The University broke ground on the future site of the Elliott School of International Affairs building Tuesday.
The new Elliott School building at 1957 E St., to be completed July 2002, will occupy the entire block between 19th and 20th streets.
The need for construction of a new Elliott School building became inevitable to both school Dean Harry Harding and GW President Stephen Joel Trachtenberg in recent years as the number of applicants to the school rapidly increased, Harding said at the groundbreaking.
He added the building’s placement will benefit students in the Elliott School, which is currently squeezed into Stuart and Lisner halls.
The new location of the school will put students blocks from the (International Monetary Fund) center and the World Bank, directly next to the new Red Cross building, a short stroll from K Street, which is home to many international industries and a Metro ride away from numerous other government offices, Harding said.
He predicted employment opportunities would abound at the new facility.
Along with the State Department and the U.S. government there will be many new resources made available to the students for internships and later employment when the new building is completed, he said.
The facility will include the new Elliott School building, a residence hall and extra classrooms for executive education programs run by the University.

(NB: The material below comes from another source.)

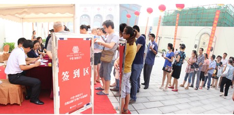 天氣雖然酷熱,卻抵擋阻不住客戶們積極的心情,他們一早就來到海德一號售樓部門口,排隊簽到,希望盡早簽下自己中意的樓盤。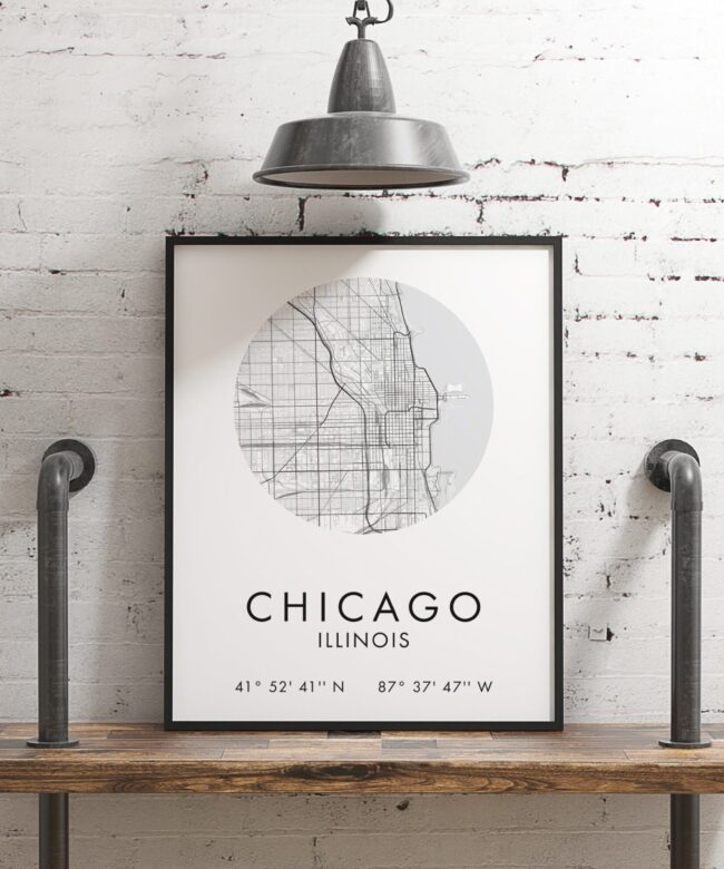 Chicago, Illinois City Street Map with GPS Coordinates Art Print – Office – Home Decor – Restaurant – Apartment – Condo – Typography

Elliott School students will also have the chance to experience a new kind of living and learning in the building, said Kelly Snyder, Residence Hall Association president, at the ceremony.
The new building will create more space for the growing number of students, both academically and residentially, she said.
Students will be able to move into the new residence hall in fall 2002. The residential space will not be restricted to Elliott School students, said Edward McCord, associate dean of the Elliott School.
What we’re hoping is that if we have an international affairs residence floor in the future, we can put it there, McCord said.
Three research centers, including the Sigur Center for Asian Studies, the Center for International Science and Technology Policy and the Institute for European, Russian and Eurasian Studies will be housed in the building, McCord said.
The residential areas and the top floor of the building, which will house the University’s executive education program, are the only parts of the building not dedicated to the international affairs program, McCord said.
He added the building will give the school needed room for expansion.
We are right now very cramped for space, McCord said. It’s mainly going to allow us to provide more services for the students.
Students said they are looking forward to using the new facilities.
A lot of the students are talking about the new building, said freshman Amie Smit, who works in the Elliott School. There is a noticeable positive attitude shared between students and faculty whenever the construction is brought up.